TV Broadcasting Revenue Models…

Posted on 13 Σεπτεμβρίου , 2006


Television has undergone three distinct periods of development since it replaced radio as the major entertainment media of the household in the 1950’s:

  • The first period was characterized by viewer passiveness inasmuch as the market was dominated by few players, as in the case of the USA and Australia, or was generally dominated by publicly funded broadcasters and only a few private players, as was the case in Europe. Viewers simply consumed what was broadcasted on the screen and stood up to change channels if the option existed.

  • The proliferation of private TV, the introduction of the remote control and the beginnings of subscriber TV heralded the first boom in television broadcasting. From the late 80’s onwards viewers find themselves having a multitude of choices to choose from. In the USA, pay cable TV offered 100’s channels, the free network television domination at that time begun its slow but definitive erosion. In Europe private broadcasting boomed and publicly funded channels find themselves in crises. Pay TV eventually is also introduced in Europe. Zapping and the use of the remote control fragmented the audience shares.

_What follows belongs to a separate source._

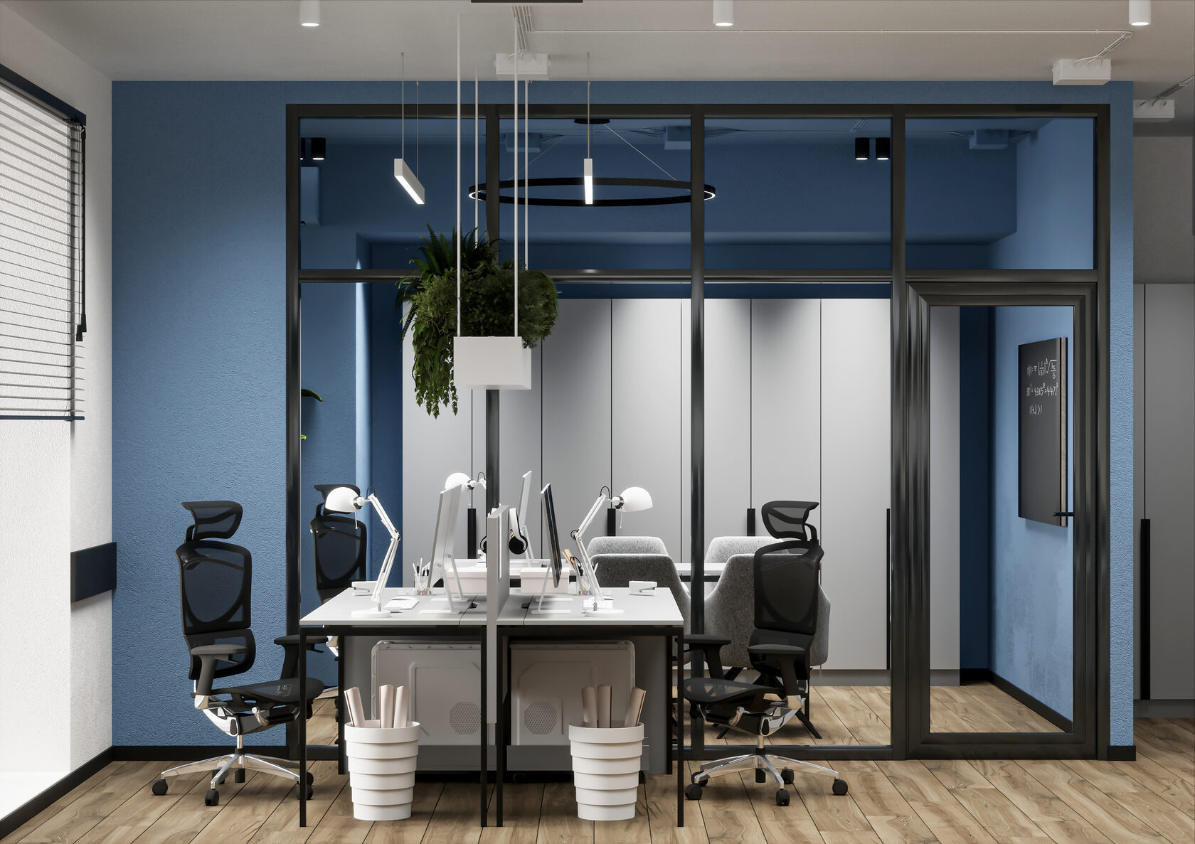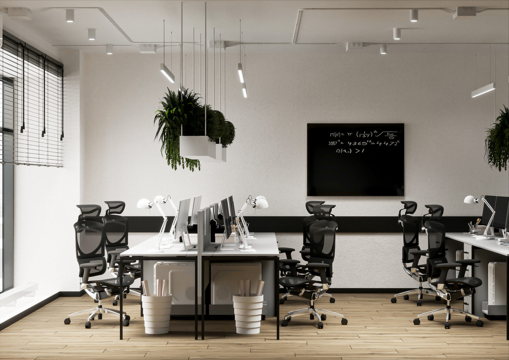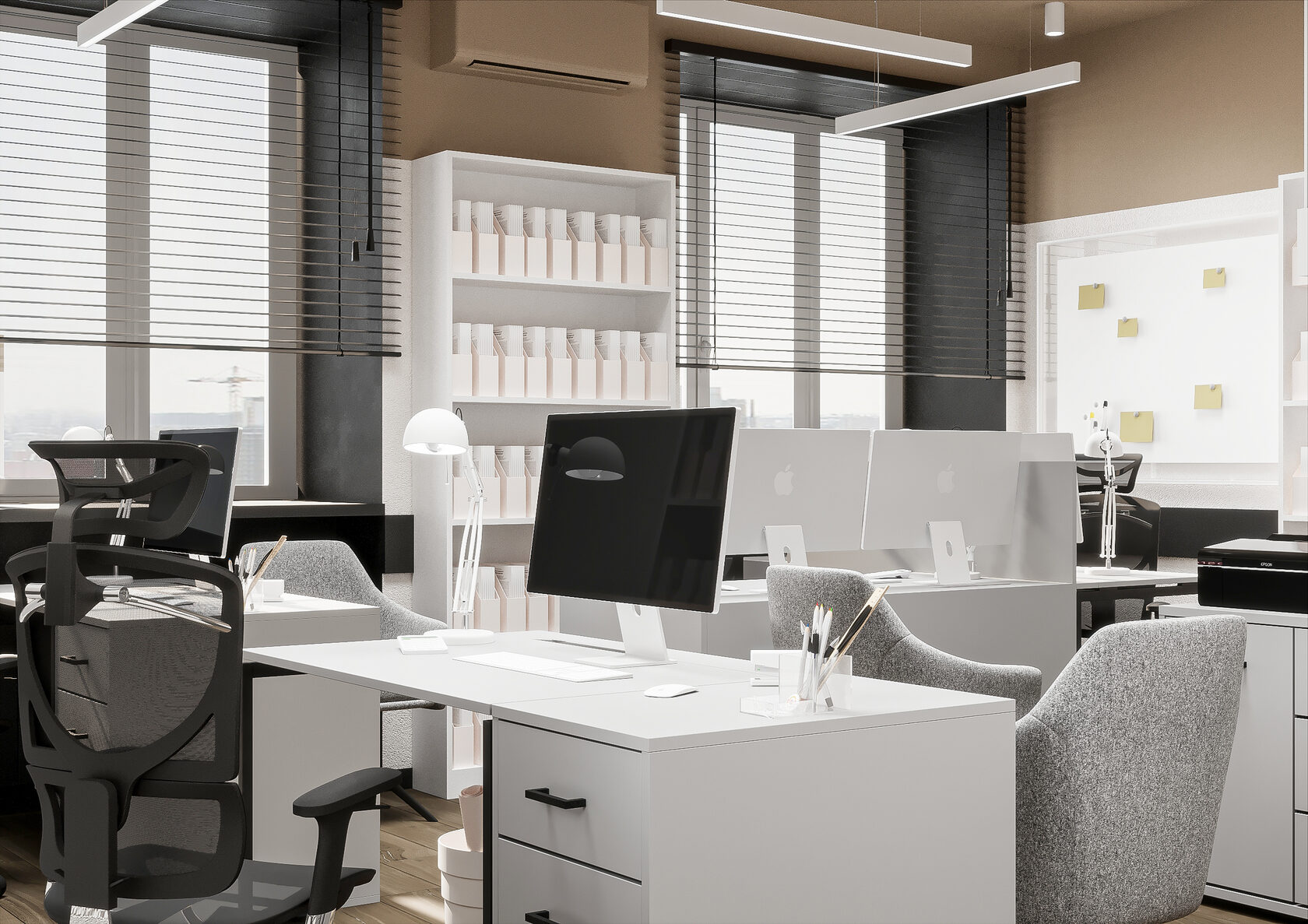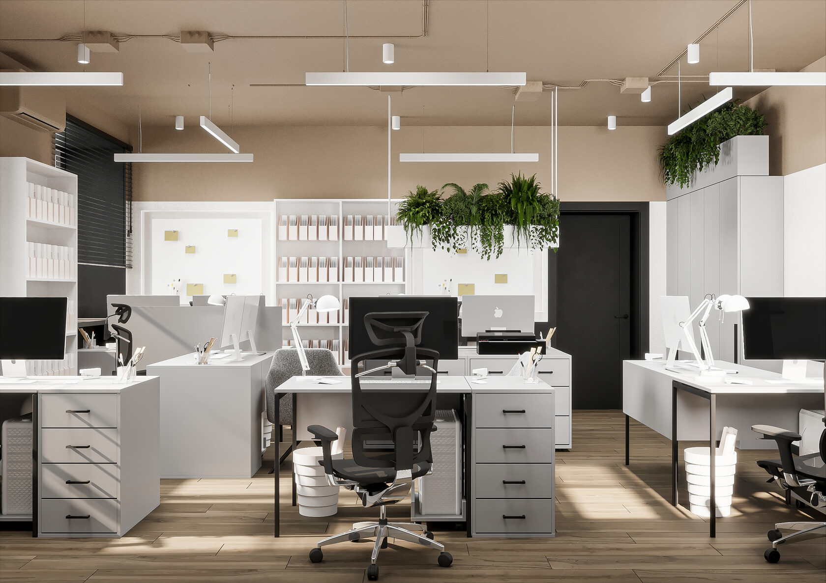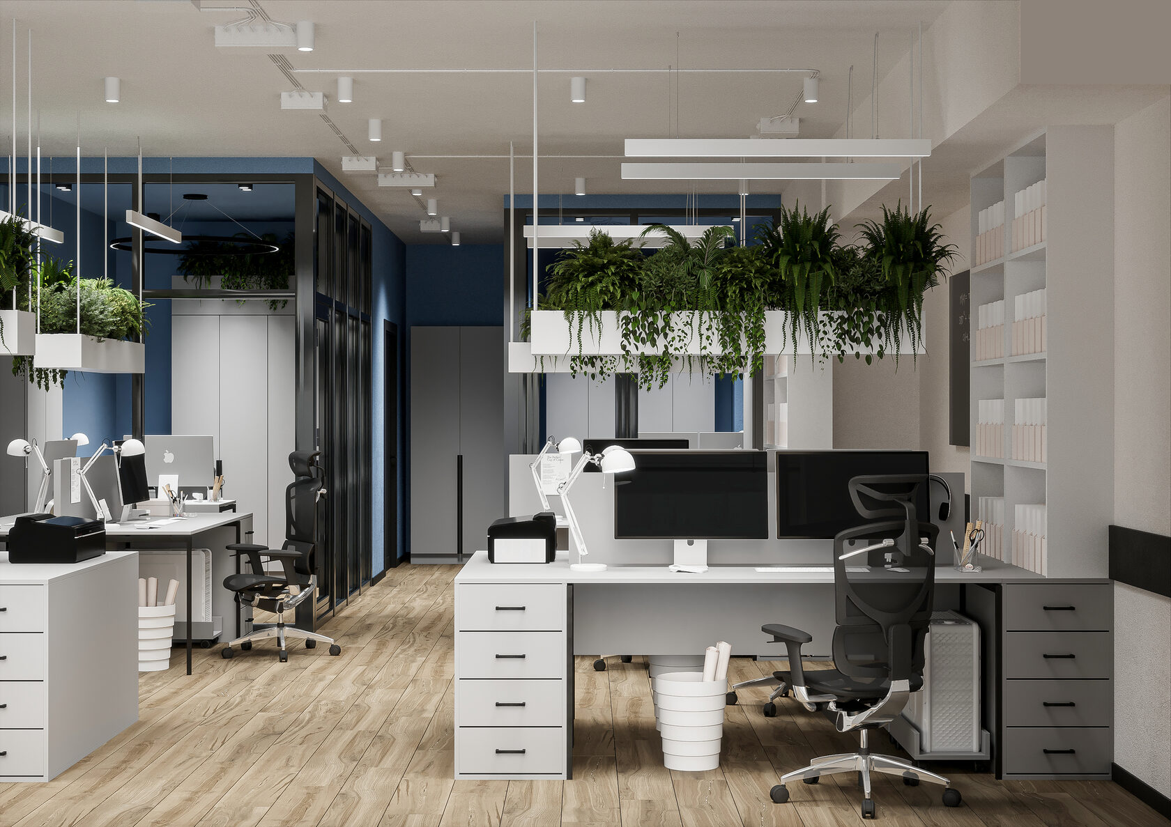 Open Space — рабочие места с продуманной эргономикой: шумоизолирующие экраны, регулируемые светильники, акустические панели

  • The conversion and management of media into digital assets together with the automation of scheduling, traffic management and play out, is the new millennium evolution that dominates a change to the back end of the broadcasting value chain introducing a front end user interface to the media products consumers. The time where the media consumers participate in the media production and programming is emerging (Big Brother reality formats, live voting interactive systems)

Respectively to each era the technology, the distribution and the business models were altered fitting to the new environment every time.

Traditional television is a “one-to-many” approach that reaches a passive viewer who has no immediate means of responding. The strategy is based on brand building and emotional appeal to a variety of audience segments. The most steady TV audience though, the heavy viewers that sustain the audience share base of TV channels and troubles the measurements, have been characterized as “The coach potato viewers”. (As wikipedia suggest couch potato is (originally U.S.) slang for a person who spends most or much of his time sitting or lying on a couch, or perhaps an armchair or recliner, watching television in his underwear and often drinking beer)

In this environment the advertiser asks from the advertising agency to create the campaign; the agency defines target and creative concept, based on advertiser’s strategy; the media planner plans the campaign throughout the media landscape; and the sales representative firm (internal/external) sells advertising on behalf of their clients’ strategy. The tool of these transactions is the airtime sales, which practically capitalizes the produced by the television program GRP’s (Gross rating point = Reach x Frequency x 100)

Due to media fragmentation and proliferation, reaching target audiences with television, advertising is becoming increasingly difficult and expensive. While channel counts have increased dramatically, TV advertising effectiveness is actually dropping and advertisers are demanding greater accountability and ROI. Ad budgets are being reallocated into direct marketing campaigns and other more “measurable” media.

The evolution of the revenue models from advertisement to subscription fee based continuous with new ones such as: pay per view, e-commerce, value added services, commissioned content, commissioned transactions, etc. that represent only parts of the fragmented audience (B2C) and customers (B2B) markets. The interactivity that the digital back end of the new broadcasting landscape introduces is perhaps the most promising carrier for new revenue models even though it never matured enough in the digital satellite broadcasting business cases.